Com efeito, a este propósito, José Leote escreveu: “assistimos a um fenómeno curioso e preocupante que, infelizmente, se tem vindo a acentuar nos últimos tempos: quem expressa uma opinião contrária à nossa é necessariamente homofóbico. Por outras palavras, queremos rotular de homofóbica toda a pessoa que discorda de nós, que tem uma opinião diversa sobre a homossexualidade, mesmo que não incite ao ódio contra quem quer que seja. Ou seja, pretendemos coartar a liberdade de expressão aos outros, que aos quatro ventos reclamamos para nós. Muitos de entre nós chamam os sacerdotes de pedófilos, fazendo uma generalização infundada e abusiva; chama os fiéis disto e daquilo, a Igreja daqueloutro e aqueloutro ainda. Todos e todas se arrogam o direito a fazer e dizer as maiores barbaridades em nome da liberdade individual e de expressão, mas quando alguém discorda de nós: Aqui d’el-rei que é ‘homofóbico/a’!”

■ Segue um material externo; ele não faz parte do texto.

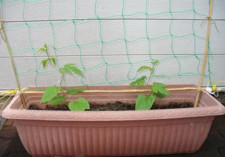 土作りを終え、さあ植えようかと見ますと、苗が届いてすぐの頃よりツルが伸びて「どこかつかませてくれー」と言っているようでした。
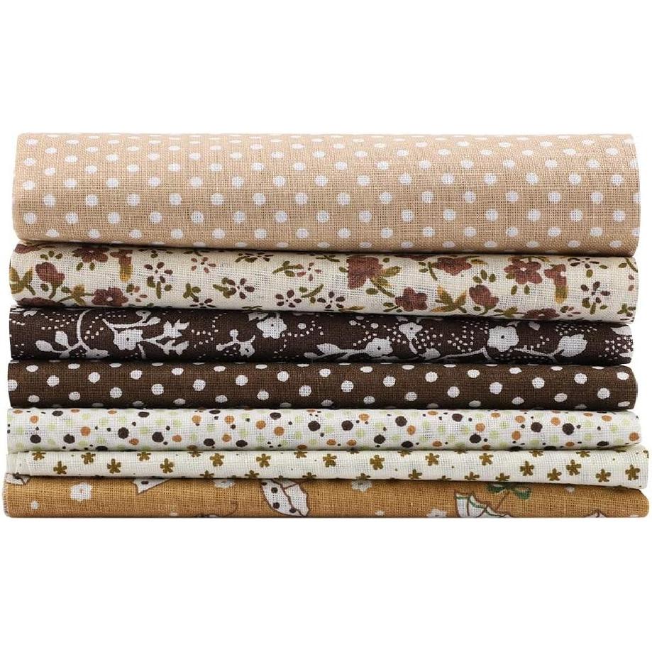 7pcs 50x50cm Cotton Fabrics DIY Floral Dots Assorted Pre-Cut Quarters Bundle Cotton Quilt Fabric Sewing Quilting Patchwork(Brown)
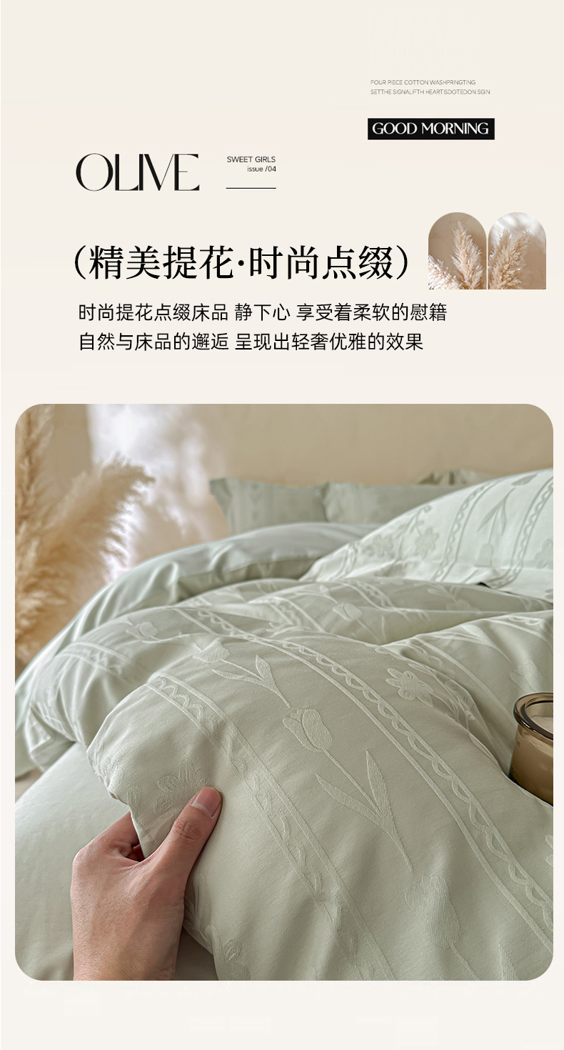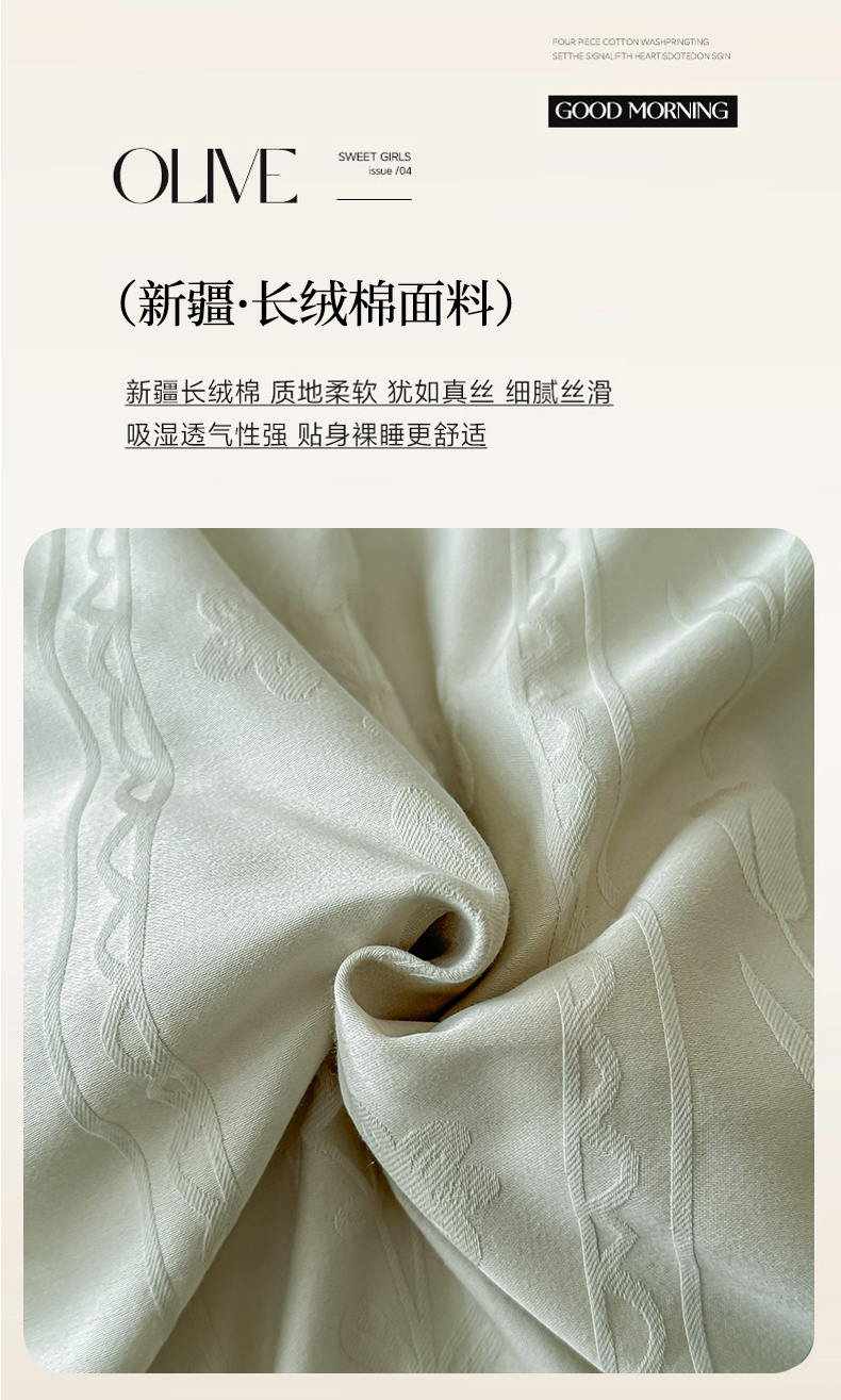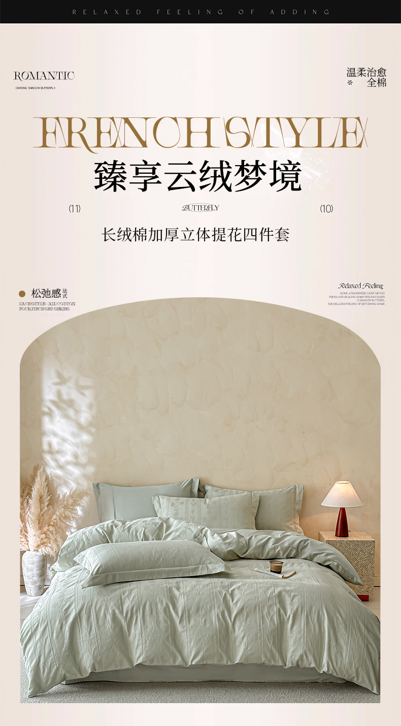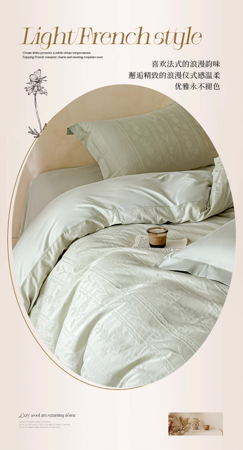 当前位置: 91家纺网 > 商品网购 > 床品套件 > 四件套 > 长绒棉四件套 > 禾时 2026新款春夏全棉长绒棉立体提花四件套-花屿 清新绿
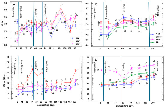 Mean values of pH (A,B) and EC (C,D) with washed seaweed and unwashed seaweed during the composting process. All parameters show significant differences, as their values were p < 0.05 using the one-way ANOVA test. The letters between the same day of composting correspond to the multiple range test and LSD test at the 95% confidence level. The bars in the graph represent the standard deviation. Sw: 100% washed seaweed; SwH: 33% washed seaweed + 67% horticultural waste; SwP: 33% washed seaweed + 67% gardening pruning; SFHP: 15% seaweed + 15% fruit + 30% horticultural waste + 40% gardening pruning; FHP: 20% fruit + 40% horticultural waste + 40% gardening pruning; SP: 35% seaweed + 65% gardening pruning; and SFP: 30% seaweed + 20% fruit + 50% gardening pruning.
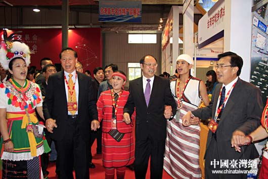 5月18日上午,国台办常务副主任郑立中来到第十一届“海交会”的“台湾县市名优特产品展区”参观,了解参展情况,并和台湾原住民代表手拉手唱起“我们都是一家人”。(中国台湾网 钟宝华 摄)
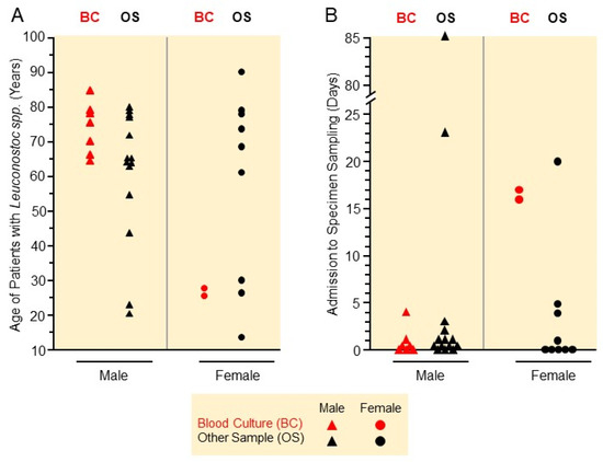 APA StyleButt, J., Arva, C., & Borgmann, S. (2025). Both, Limited and Often Fatal Systemic Infections Caused by Leuconostoc spp. in Older, Previously Ill Men Are Usually Acquired in the Outpatient Setting. Microorganisms, 13(7), 1626. https://doi.org/10.3390/microorganisms13071626
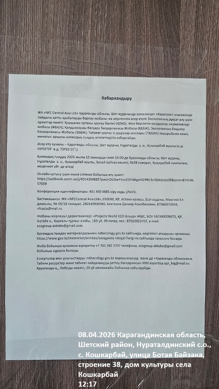 По проекту: ЧК «NFC Central Asia Ltd» Пакет документов для получения Экологического разрешения на воздействие: Раздел Охраны Окружающей среды (РООС); Проект Нормативов допустимых выбросов (НДВ); Проект Программы управлении отходами (ПУО); Проект Программы экологического контроля (ПЭК); План природоохранных мероприятий (ППМ) к Плану разведки твердых полезных ископаемых на участке «Караозек» расположенного на территории Шетском районе Карагандинской области.
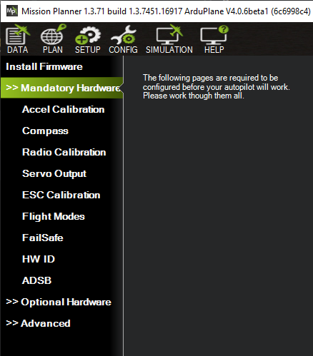 Mission Planner地面站的这一部分由菜单项 设置 在Mission Planner地面站的顶部,有几个子部分。您可以在这些子部分中设置和配置(飞行)控制器,以便为特定飞行器做好准备。通常情况下,这些部分都是首次飞行前必须进行的 "必做 "操作。
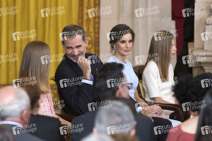 Prinzessin Leonor, König Felipe, Königin Letizia und Prinzessin Sofia bei der Verleihung der Orden del Mérito Civil im Palacio Real. Madrid, 19.06.2019
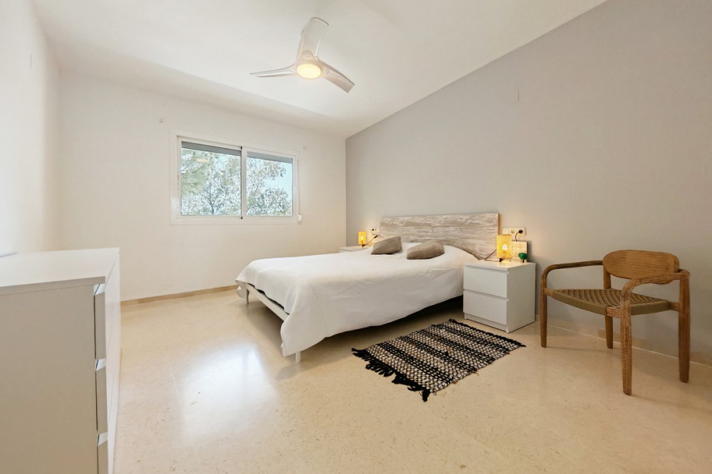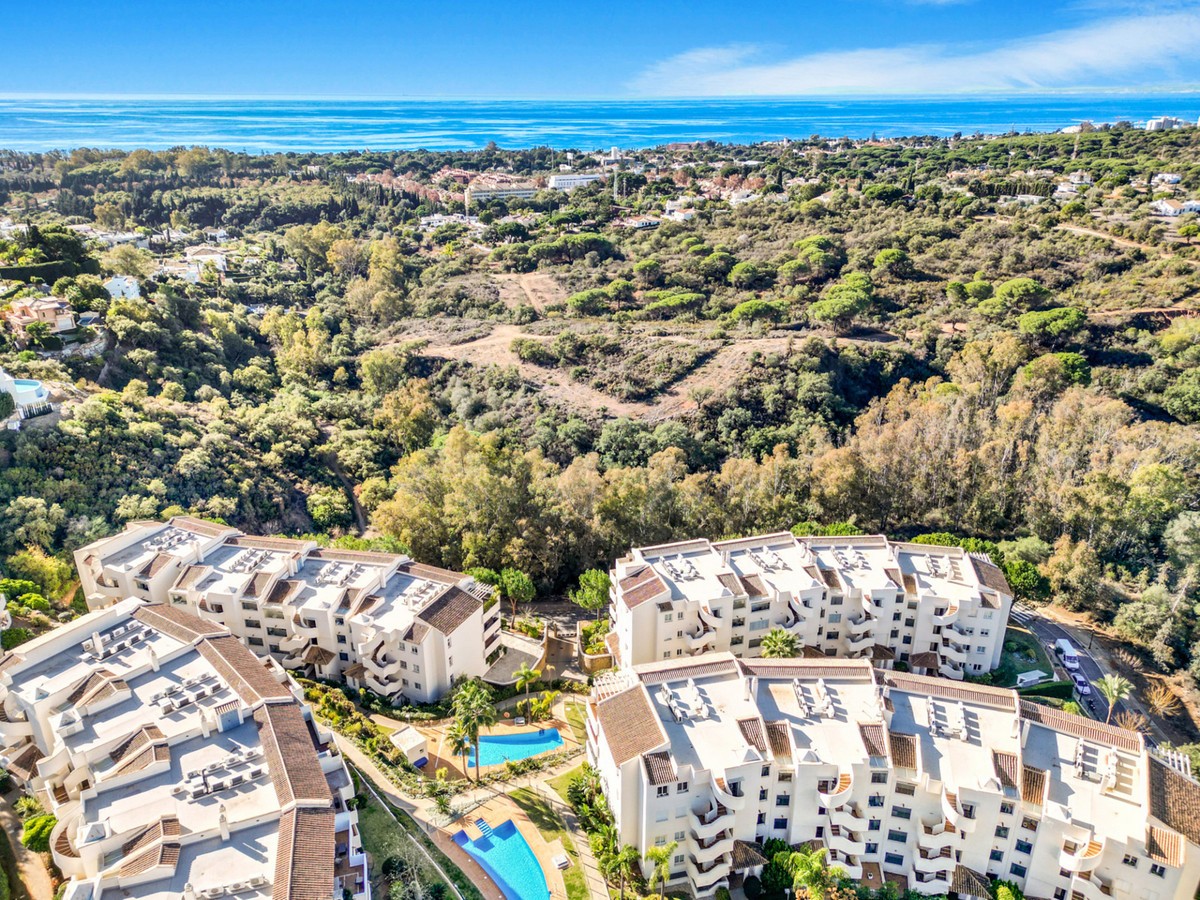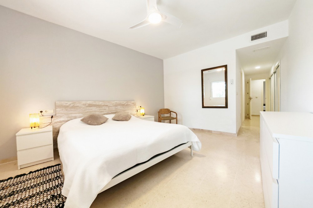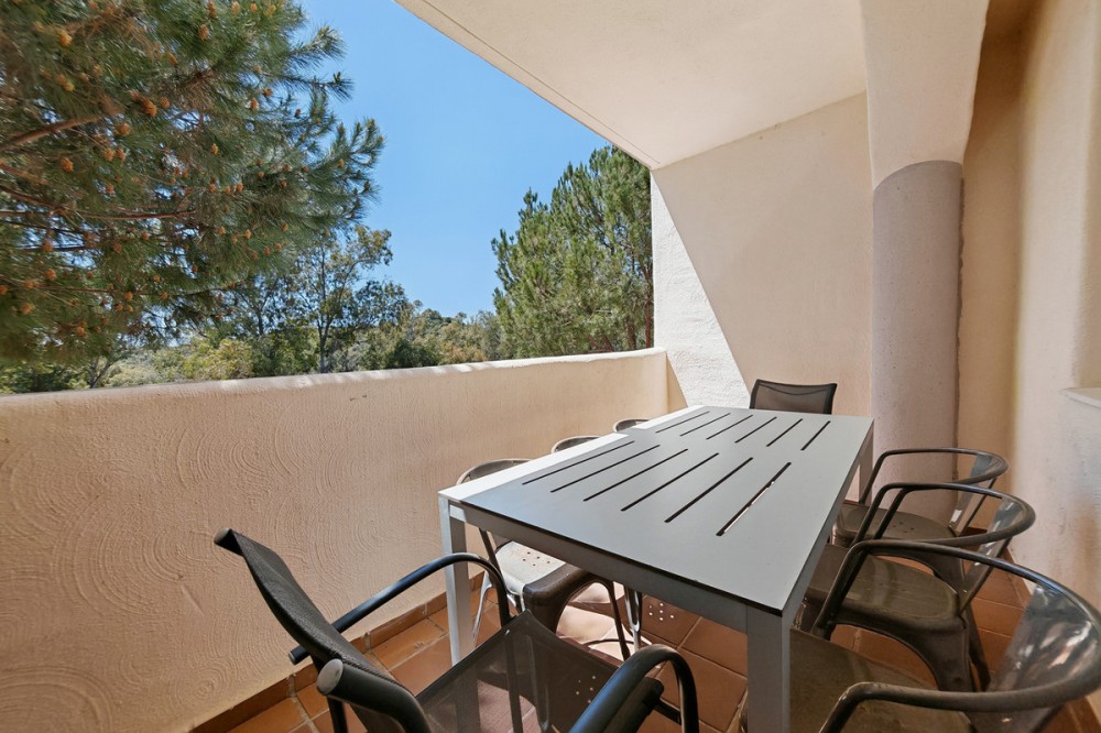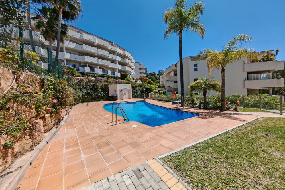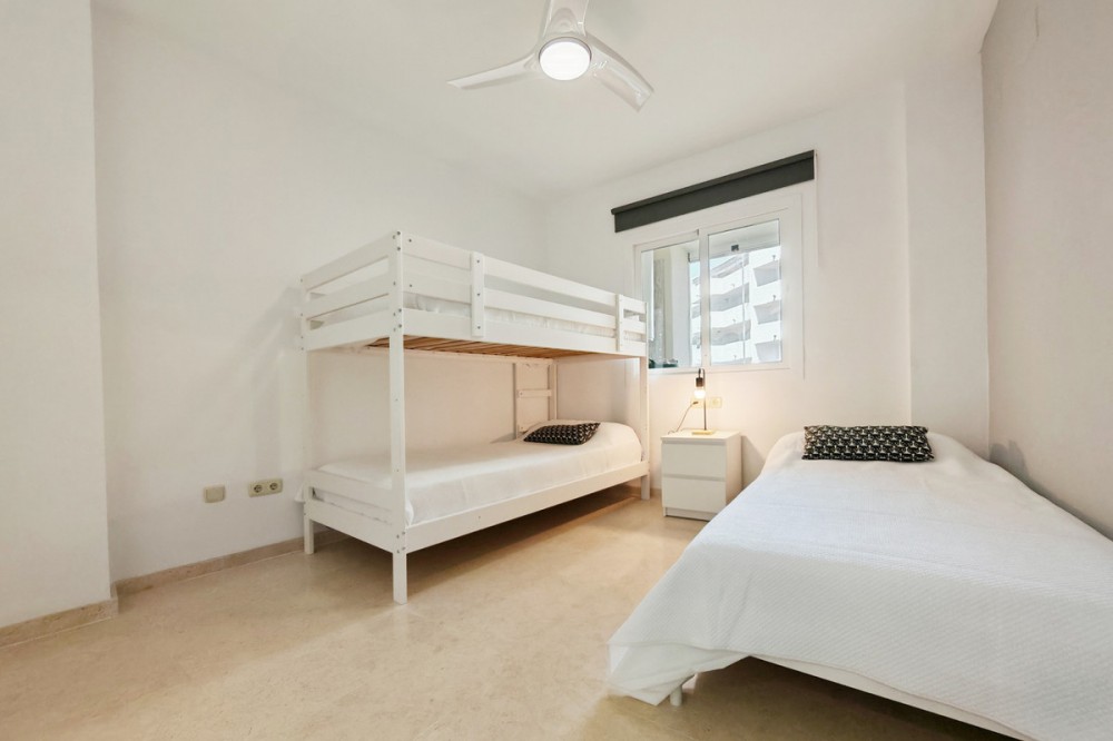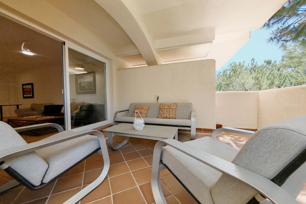 - Apartment for sale in Elviria, Marbella with 2 bedrooms, 2 bathrooms, 1 on suite bathroom and with orientation south/west, with communal swimming pool, communal garage (1 parking spaces) and communal garden. Regarding property dimensions, it has 123 m² built and 16.25 m² terrace. Has the following facilities amenities near, air conditioning, fully furnished, fully fitted kitchen, marble floors, private terrace, kitchen equipped, water tank, country view, indoor pool, laundry room, internet - wi-fi, covered terrace, fitted wardrobes, gated community, lift, close to sea / beach, close to golf, balcony, excellent condition, ceiling cooling system, close to town, close to schools, surveillance cameras, inside golf resort and close to restaurants.
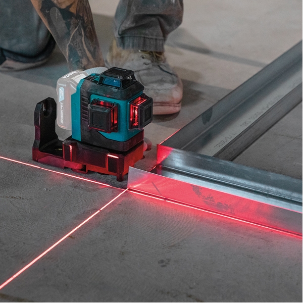 Nivel láser con líneas Makita SK700D con líneas cruzadas horizontales y verticales, para aplicaciones de nivelación, alineación, verticales y angulares.
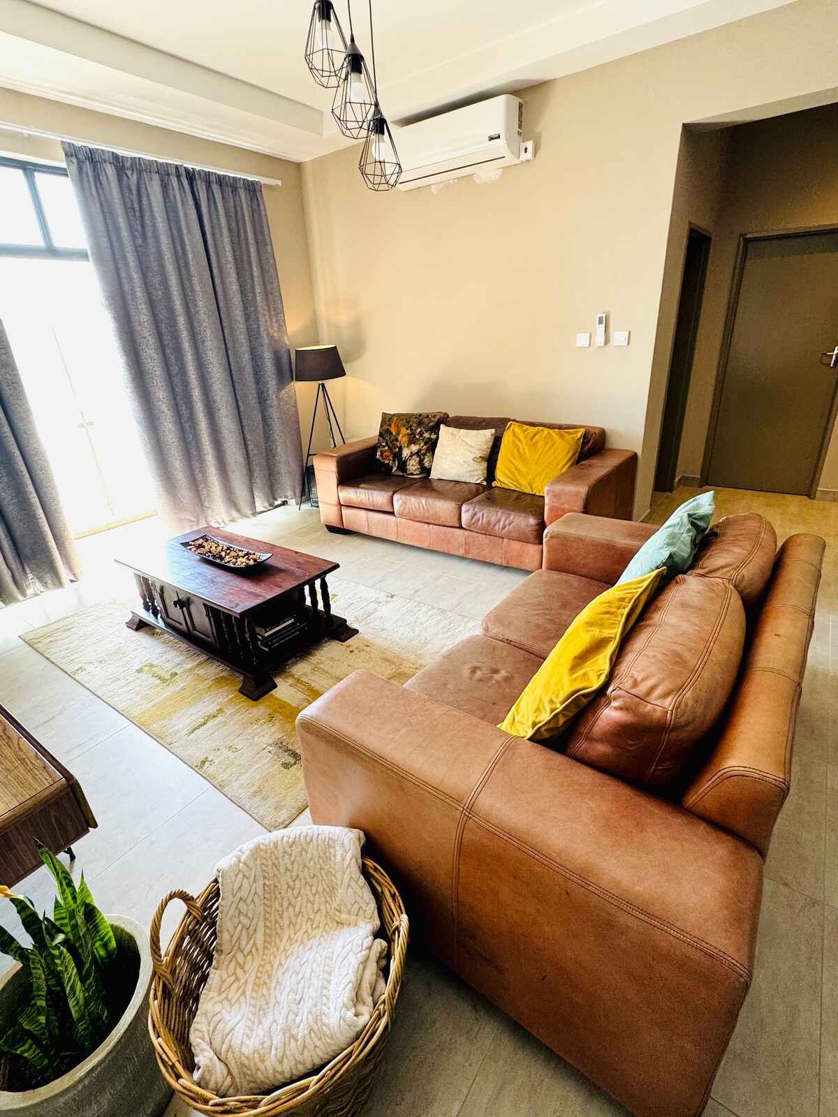 Uitpakken. Ontspannen. Adem uit in 2li Luxe. Gelegen in Habitat Kappa, een privélandgoed met toegangscontrole op slechts een steenworp afstand van het winkelcentrum Sarona. De open indeling vloeit natuurlijk van een zonovergoten woonkamer naar een volledig uitgeruste keuken, compleet met hoogwaardige apparaten en een luxe touch voor jouw comfort. Geniet van zelf inchecken, snelle Starlink WIFI, grote smart-tv, rustige slaap op een kingsize bed en elektrische verduisteringsgordijnen, gratis beveiligde parkeergelegenheid en 24/7 beveiliging.

A crítica não podia ser mais certeira, porque a radicalização e intolerância do discurso de alguns homossexuais gera violência, também contra os próprios, tantas vezes vítimas de cruéis agressões. É justa e necessária a fundamentada denúncia de casos de verdadeira homofobia, ou de injustificada discriminação, porque não têm possível justificação legal ou moral. Mas, o recurso arbitrário a essa acusação incentiva os autos-de-fé e os julgamentos sumários na praça pública. Os ataques de alguns homossexuais, certamente poucos, à liberdade de pensamento e de expressão, à liberdade religiosa e de opinião, aos direitos humanos, aos valores e aos princípios da democracia, não favorecem, numa sociedade livre e democrática, a sua compreensão e aceitação. Por isso, é de esperar que a Ordem dos Psicólogos Portugueses não dê provimento às queixas contra a liberdade de expressão dos seus profissionais porque, nesse caso, poder-se-ia converter numa odiosa ordem de polícias do pensamento…
Num seu posterior esclarecimento, Maria José Vilaça, com serenidade e bonomia, reconheceu que, como reacção a esta sua entrevista, gerou-se um certo “burburinho”… Na verdade não foi um burburinho, mas – diga-se sem ofensa para ninguém – um ‘burburão’ dos diabos!